> _EXERCISE DATA_
######
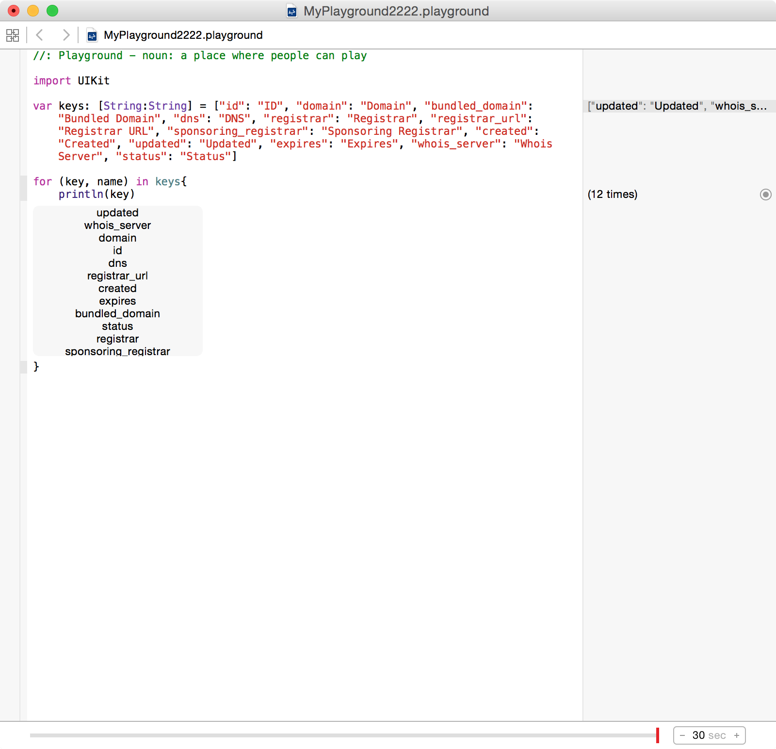 var keys: [String:String] = ["id": "ID", "domain": "Domain", "bundled_domain": "Bundled Domain", "dns": "DNS", "registrar": "Registrar", "registrar_url": "Registrar URL", "sponsoring_registrar": "Sponsoring Registrar", "created": "Created", "updated": "Updated", "expires": "Expires", "whois_server": "Whois Server", "status": "Status"]
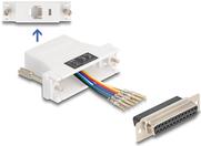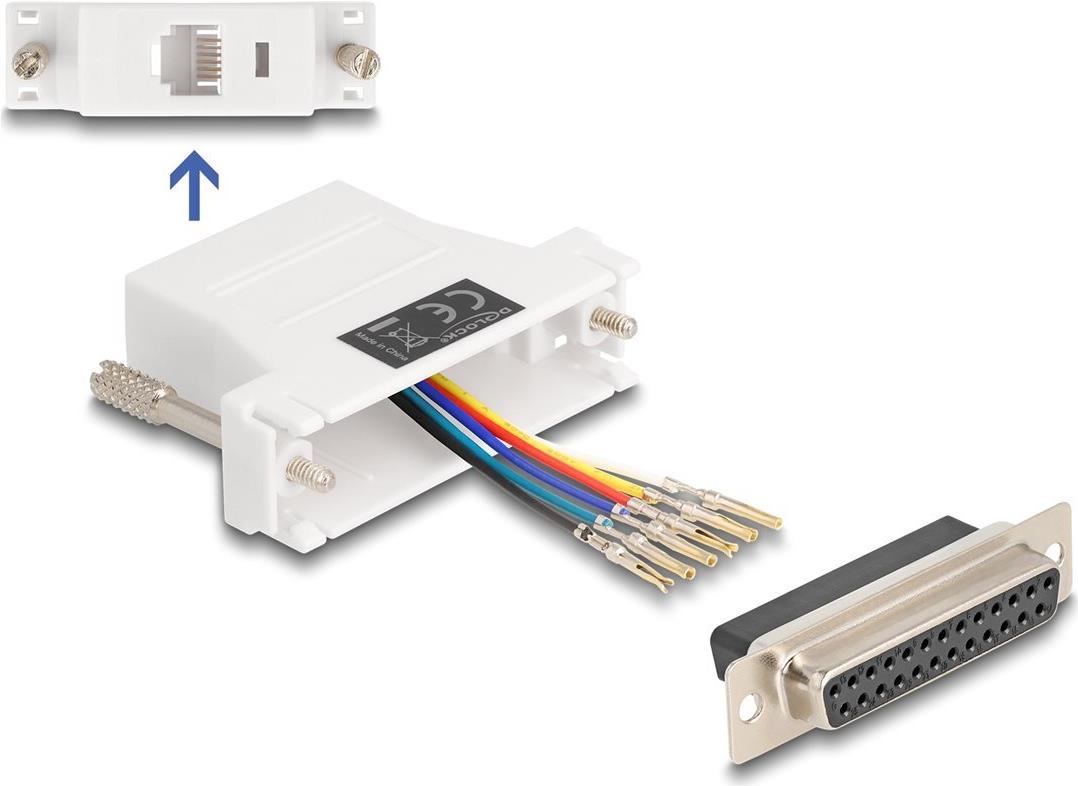 Das Delock Assembly Kit ist für eine robuste Konnektivität mit einer seriellen Adapterkonfiguration ausgelegt. Ausgestattet mit einem 25-poligen D-Sub (DB-25) auf der einen Seite und einer RJ-12 (6-poligen) Buchse auf der anderen Seite, gewährleistet dieses Kit Vielseitigkeit und Zuverlässigkeit für verschiedene Anwendungen. Die individuell zuweisbare serielle Schnittstelle ermöglicht personalisierte Konfigurationen und bietet dem Benutzer die für spezielle Anforderungen erforderliche Flexibilität.
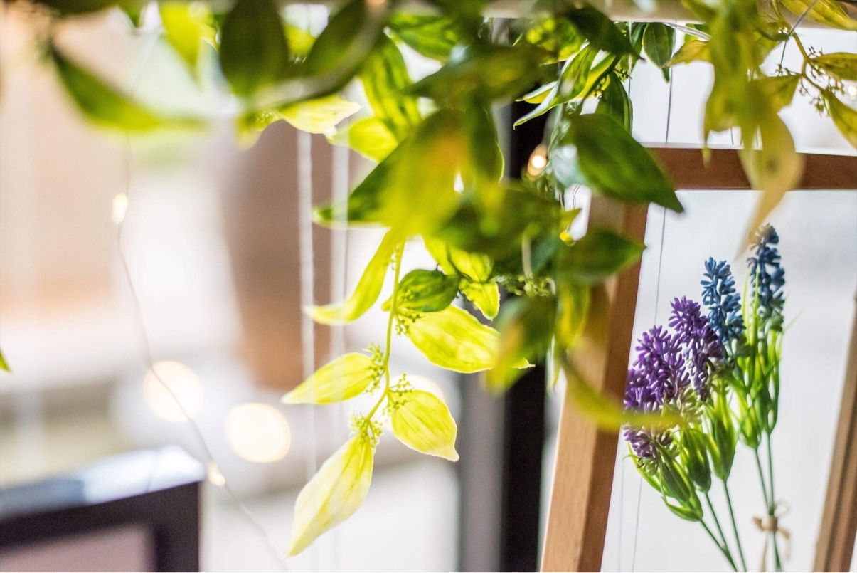 ・1.5次会のメイン装飾を、全て持ち込みで装飾したこと。 提携のフラワーショップにお願いすると高額だったため、ウェディングフラッグを自作したり、ドライフラワーを持ち込み、家にあるアイテムと組み合わせて飾り、節約しました。
######
> _INSTRUCTIONS TO FOLLOW_
Copy each line of the material above exactly, but not the images.

> _EXERCISE RESPONSE_
 var keys: [String:String] = ["id": "ID", "domain": "Domain", "bundled_domain": "Bundled Domain", "dns": "DNS", "registrar": "Registrar", "registrar_url": "Registrar URL", "sponsoring_registrar": "Sponsoring Registrar", "created": "Created", "updated": "Updated", "expires": "Expires", "whois_server": "Whois Server", "status": "Status"]
 Das Delock Assembly Kit ist für eine robuste Konnektivität mit einer seriellen Adapterkonfiguration ausgelegt. Ausgestattet mit einem 25-poligen D-Sub (DB-25) auf der einen Seite und einer RJ-12 (6-poligen) Buchse auf der anderen Seite, gewährleistet dieses Kit Vielseitigkeit und Zuverlässigkeit für verschiedene Anwendungen. Die individuell zuweisbare serielle Schnittstelle ermöglicht personalisierte Konfigurationen und bietet dem Benutzer die für spezielle Anforderungen erforderliche Flexibilität.
 ・1.5次会のメイン装飾を、全て持ち込みで装飾したこと。 提携のフラワーショップにお願いすると高額だったため、ウェディングフラッグを自作したり、ドライフラワーを持ち込み、家にあるアイテムと組み合わせて飾り、節約しました。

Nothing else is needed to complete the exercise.